Determine Custody Models and Vendor Strategies

Before selecting a specific custody service provider, institutions should formally determine their target custody models and vendor strategies. As mentioned above, an outsourcing custody model is the best choice for institutional investors. However, even after choosing an outsourcing model, the vendor strategy still needs to be considered. Institutions should assess which functions and operational methods need to be retained, and compare them with the third parties they want to outsource to.

Factors to Consider When Looking for a Custodian:

When choosing a digital asset custodian, institutions should consider the following key factors:

  • Reputation: Evaluate the custodian’s market position and reputation based on its history and background

  • Custody and trade execution: Understand the custodian’s operating model, whether it provides additional security measures and transaction speed.
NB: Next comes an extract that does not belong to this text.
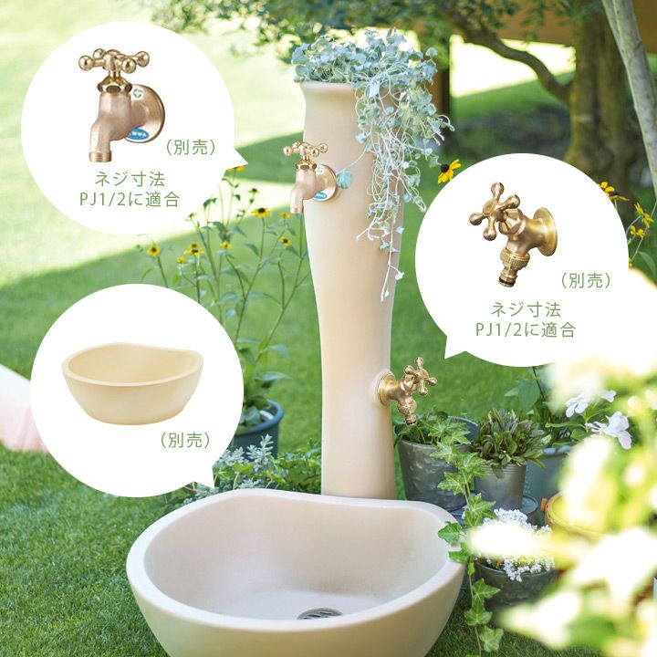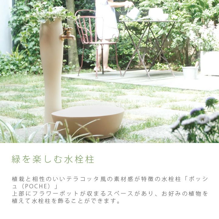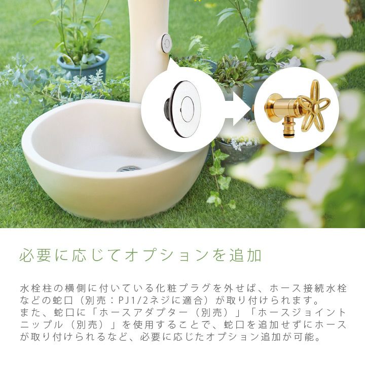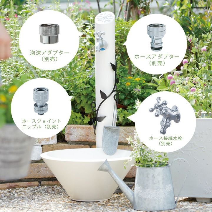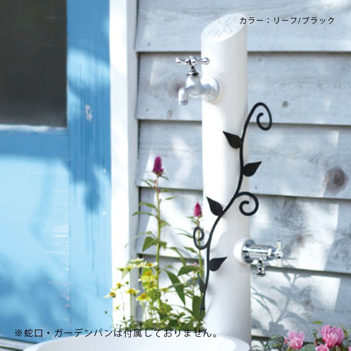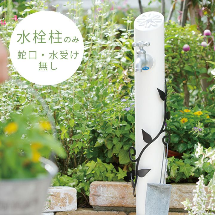 立水栓 おしゃれ ナチュラル 水回り 花 葉っぱ フラワー リーフ 白 庭 エクステリア エレガント スリム 飾り マーガレット 【蛇口・ガーデンパンは別売】「水栓柱 フルール(FLEUR) 単品」

For large exchanges that provide trading and custody services, it is necessary to ensure the secure storage of digital assets and the ability to quickly access these assets when needed

  • Compliance: Look for custodians with built-in compliance operations to reduce reputation risk. Check whether the custodian has been or is currently subject to regulatory investigations, and whether the custodian has obtained relevant regulatory certifications or licenses

  • IT and network security: Understand the custodian’s network security measures, including the security of hot wallets or cold wallets, as well as system compatibility and security features such as multi-signature

  • Service suitability: Evaluate whether the custodian’s business model meets your own needs, including the types of digital assets supported, preference for cold wallets or hot wallets, and business continuity

  • Commercial terms: Understand the custodian’s fee structure, including storage, deposit, and withdrawal fees, as well as the rights and obligations in the commercial terms, especially the legal rights in disputes and unpaid events

  • Ownership and legality: Understand the custodian’s legal structure and jurisdiction, and how these factors affect the management of digital assets

  • Financial stability: Evaluate the custodian’s financial strength and the feasibility of its business model, especially in terms of asset access when the custodian ceases operations. A custodian with a strong financial position, sufficient funds, and a viable business model can minimize obstacles in providing services

Summary

The digital asset industry is currently in a phase of rapid development and innovation, with Hong Kong being particularly prominent. Within the digital asset ecosystem, custodial services play a crucial role. As a result of bank failures and market volatility, more institutions are choosing to explore the digital asset space, and institutional-grade custodial solutions have become a strong market demand, aiming to help investors seize vast investment opportunities in a secure and controlled manner.

When designing operational models, institutional investors should have a holistic view and choose third-party providers for digital asset custody. Implementing appropriate digital asset custodial solutions is essential in order to capture market investment opportunities and prevent significant asset losses.